Lessons from the borrowing side:

Business owners were taken by surprise. Three out of six said that no one has ever come to them asking these type of questions, no one has ever taken care of looking for ways to help them. Credit providers only come for the money.

Others said that crypto is a fraud, they’ve seen in on the news (TV and social media). However, they recognized (after talking to them) that it’s the future.

Credits of $3K or $4K MXN pesos (~125 to 160 USD) are not enough to make an investment within the business. However, those are the amounts the business owners receive from the loaners, due to a low trust and the lack of a credit score. So, what people do is take four or more credits from different providers.

People answered that they will gladly take one single loan provider if this could offer the credit amount they need with a lower interest rate. However, some others answered that if someone offered them a large credit they will still get small credits. This is an alert of a lack of financial education and or a willingness of failing to pay to the credit providers.

An idea that came to the team when analyzing the answers was to gradually unlock larger amounts not only via their credit history but also when they complete other requirements such as certificates on financial education.

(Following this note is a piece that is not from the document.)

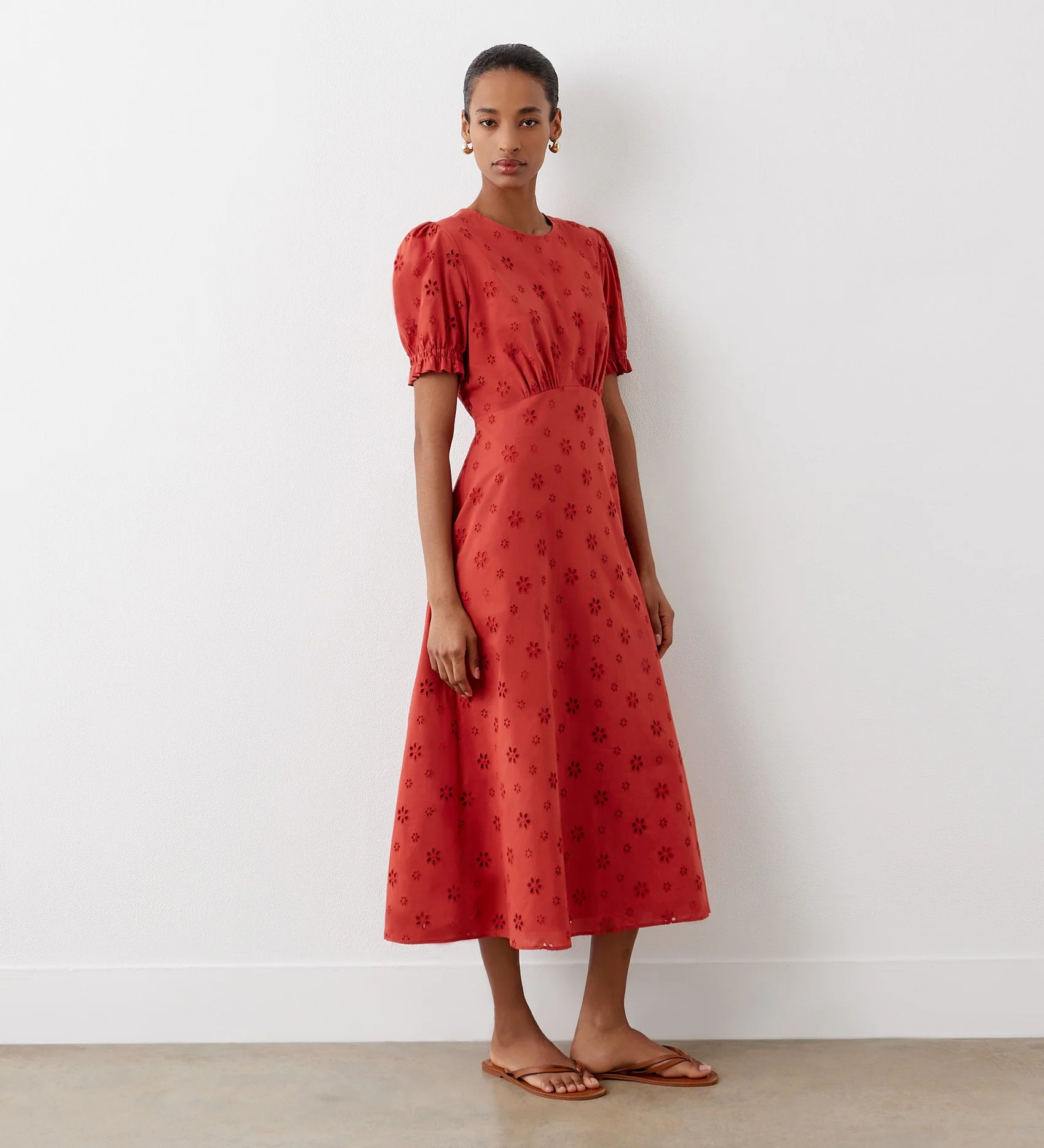 Mela Rust Broderie Anglaise Cotton Midi Dress
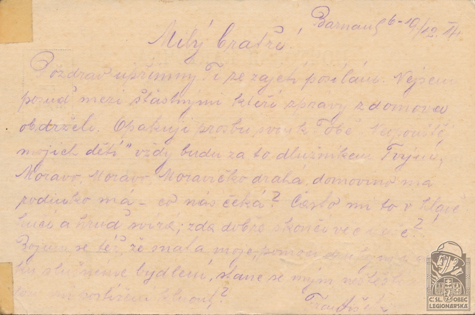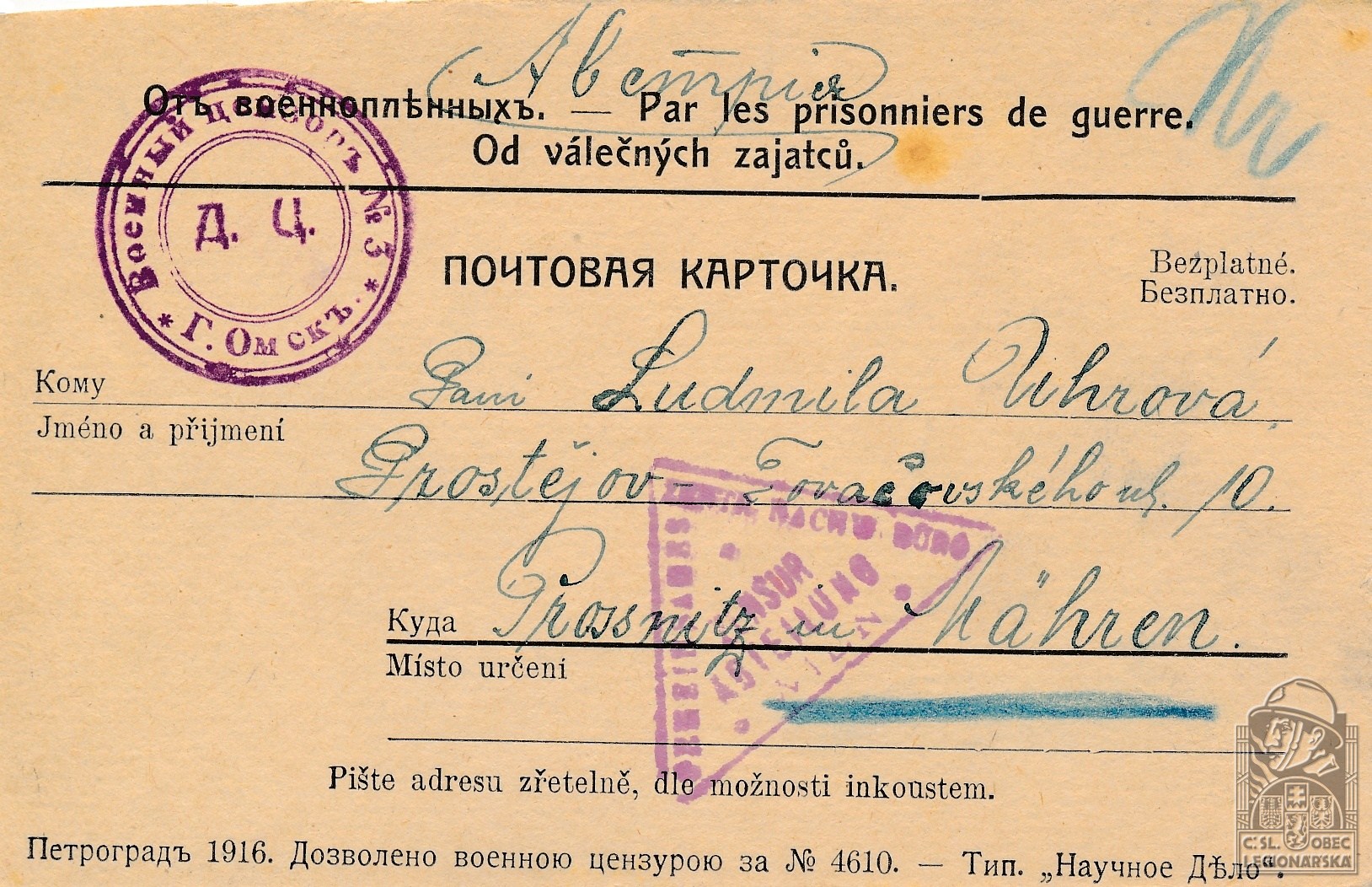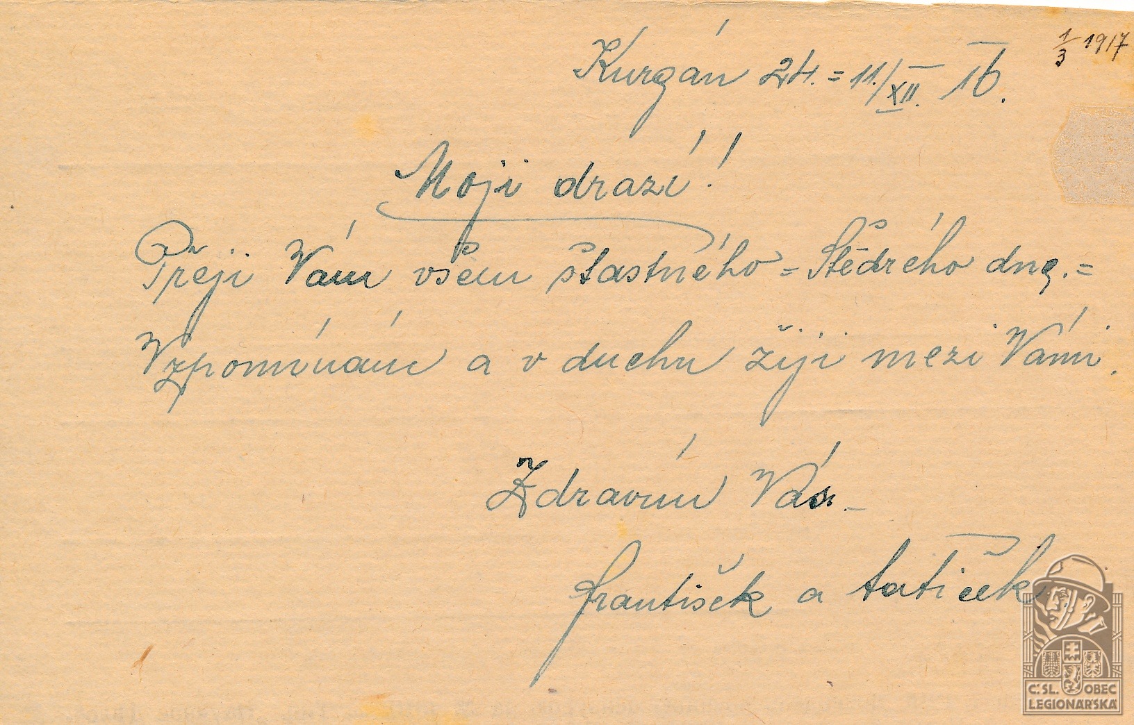 Jednotka v době zařazení:7.stř.pl. ( Čs. legie v Rusku )

Key questions to determine what would be the ideal trust score were:

What things would they consider the most trustworthy for giving a loan to their clients? The answers were the same across the interviewees: “That they have a house were I can go look for them”, and that “they are owners of a business with several years running”.

Besides those answers, others that repeated were: “Paying on time” and “direct communication when something happened and they are unable to pay at the agreed term”

What happens if the provider doesn’t offer anymore a line of credit? “Wait until someone else comes offering it”

What is the effect on starting with a new credit provider? “Small credits, high interest rate.”

What is the main obstacle when asking a credit to a bank? Three answers were given: Not having a credit score with them, not having all the papers they ask, requiring to go and lose time at the bank’s place.

What would they offer as a guarantee? All of them answered the same: to not offer anything as a guarantee. All of them reported that they don’t have many assets and they were not going to put them in risk, knowing that they can fail to pay in the agreed terms.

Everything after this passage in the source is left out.